I have everything I need, so I guess I will go a head and give it whirl and let You know what I think.....

Wish me luck! :mrgreen:


----------



## orlando (Feb 14, 2007)

No! the bag is a casing that is coated with DE. That allows water to flow through the de not around the de. That's how the stuff works. look at vortex, its the best water polisher Ive used in a long time


----------



## Naja002 (Nov 15, 2005)

Was going to add 1 cup for an xP3, but didn't even get ~1/2 cup in before it came flooding back out. I knew it would, but I didn't think it would be quite that fast.

Its a multi-stage system, so I shut off the overflow and return, so the DE can recycle into the xP until it finds a home.


----------



## orlando (Feb 14, 2007)

It wont work. The DE needs a bed to sit on, the can will just blow right out


----------



## Naja002 (Nov 15, 2005)

orlando said:


> No! the bag is a casing that is coated with DE. That allows water to flow through the de not around the de. That's how the stuff works. look at vortex, its the best water polisher Ive used in a long time


I understand what You are saying, and I have a vortex and understand how it works. It *Should* just take the DE longer to find a home. Until then--cloudiness. Its already done for me--so I'll let You know how it goes.

The other poster claims to have done it on and off for yrs. I asked for a clarification, but none was given. They appear to be a long-timer, but infrequent poster.

We'll see.......:mrgreen:


----------



## orlando (Feb 14, 2007)

good luck naj I hope it works out well


----------



## Naja002 (Nov 15, 2005)

Here's a permalink to the post that I was referring to, with my request for clarification below it:

Diatom/Micron Filters--Post 30

The users profile shows that they have not been back online at PT since their post. I realize that my "Criteria" for judging the posters claims is pretty weak, but I am also using my own judgment/knowledge/understanding. The DE should find a home on the various media inside the xP and the flow through the canister should create the flow through the DE.

I got most of the 1/2 cup of DE in before it was too cloudy to see the filter intake (--its a low-light setup anyways). After 15 mins its was plenty clear to insert the rest of the DE--which is now done. I'll post later on how long it takes to clear up.



orlando said:


> No! the bag is a casing that is coated with DE. That allows water to flow through the de not around the de. That's how the stuff works. look at vortex, its the best water polisher Ive used in a long time


BTW, Seachem's "the Bag" isn't the same thing as the DE bag in the Vortex. That's why I'm not sure what its purpose would be in this application....


----------



## vicpinto (Mar 27, 2007)

Whoa time out guys....let me get this straight! 

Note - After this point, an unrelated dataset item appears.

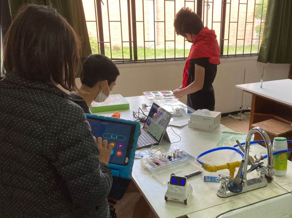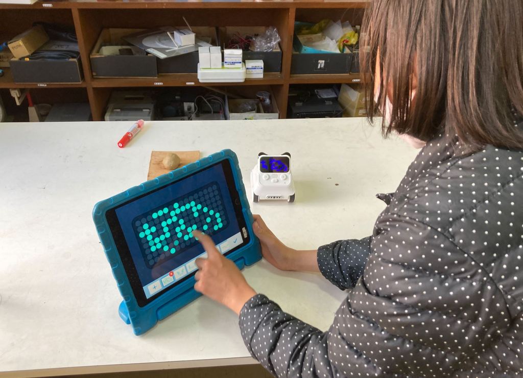 1人は「カエルの歌」のメロディを鳴らしたり、人感センサーでON-0FFを制御させたりするプログラムを組んでいます。もう1人は、プログラムコマンドを使って、描いたコースにロボットの車を走らせたり、そのロボットのモニターに泣いたり、笑ったりする表情をつけています。別の1人は、矢印のような命令プログラムを組んで、それをロボットに記憶させて前進後退や右折左折をさせて、ロボットがコースをゴールするのを目指しています。

I assumed you needed the bag to contain the DE powder. Seems I wrong on that account?

So what you are saying is to just feed the powder into the intake? Wont it just get sucked through the filter and back out again? When you say "find a home" are you saying that eventually, from continuously been sucked into and blown out of the filter the DE power will find nooks and crannies inside my other filter material to lodge itself there?


----------



## orlando (Feb 14, 2007)

sweet let us know, thanks naja


----------



## vicpinto (Mar 27, 2007)

Oops Naja! I guess you and I were posting at the same time. I'll read up on the link. In the meantime I would like to know how it works out for you.

Victor


----------



## Naja002 (Nov 15, 2005)

vicpinto said:


> Whoa time out guys....let me get this straight!
> 
> I assumed you needed the bag to contain the DE powder. Seems I wrong on that account?
> 
> So what you are saying is to just feed the powder into the intake? Wont it just get sucked throughthe filter and back out again? When you say "find a home" are you saying that eventually, from continuously been sucked into and blown out of the filter the DE powerd will find nooks and crannies inside my other filter material to lodge itself there?


Yes, that's exactly what I am saying. The DE will pass through the canister and cloud the tank. With each pass more DE will settle on the sponge media, filter floss, micro pads, etc. I have no idea how this will impact medias like ceramic rings, seachem's matrix, etc. BUT, I think it will work well with sponges, filter floss and micro pads--the only thing I use in the Xp.

Right now, I'm just waiting to see how long it takes to clear up the cloudiness and what the clarifying effect will be.....


----------



## vicpinto (Mar 27, 2007)

Curious to know how much of a decrease in flow you will observed. I have biomax in my Fluval canister so that's probably another concern....


----------



## Naja002 (Nov 15, 2005)

vicpinto said:


> Curious to know how much of a decrease in flow you will observed. I have biomax in my Fluval canister so that's probably another concern....


I don't know exactly what the biomax is, so I am not in a position to comment. I'll google it after this post.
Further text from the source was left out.